Bmahray (), is a village in the Aley District in Lebanon. It lies 41 km south-East of Beirut at an altitude of 1215m above sea level.

Demography
Bmahray's residents are Maronite, Druze and Greek Catholic communities. The 2010 municipal elections census counted 1018 registered voters, The village's religious buildings are Saint George Maronite church and a Druze Khalwa.

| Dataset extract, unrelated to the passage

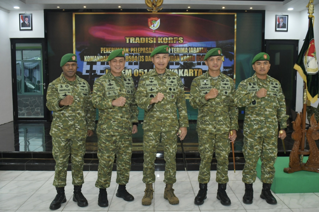 Kegiatan Sertijab berlangsung khidmat dan penuh makna, Sebagai insan yang beriman dan bertaqwa, marilah kita senantiasa memanjatkan puji syukur kehadirat Tuhan Yang Maha Esa, karena atas limpahan rahmat dan karunia-Nya, hari ini kita dapat mengikuti Acara Tradisi Korps dan Serah Terima Jabatan Dandim 0504/JS dari Kolonel Inf Amaraldo Comelius, kepada Letkol Kav | Nyoman Aetawan, S.Sos dan Dandim 0508/Depok dari Kolonel Triano Iqbal, SJ.P., M.Si. kepada Kolonel Inf Ginanjar Wahyutomo, S.H., M.Han, dengan khidmat dan dalam keadaan sehat wal'afiat

Bmahray's main families are:
 Abou Zakhem
Bou Malhab / Bou Malham
 Al Abanni
 Saab
 Abou Chahine
 Abou Ghanem
 Moukamer
 Daou
 Jreidy
 Nakhle
 Rabah
 Malkoun

Geography
Bmahray is located on the western face of Mount Lebanon. According to the national local development resource Center (Localiban), the village has a total municipal area of .

Archaeology

Bmahray contains the remains of Roman monuments and rock sarcophagi.

Economy

Bmahray has no schools, no hospitals or medical institutions and no institutions counting more than 5 employees.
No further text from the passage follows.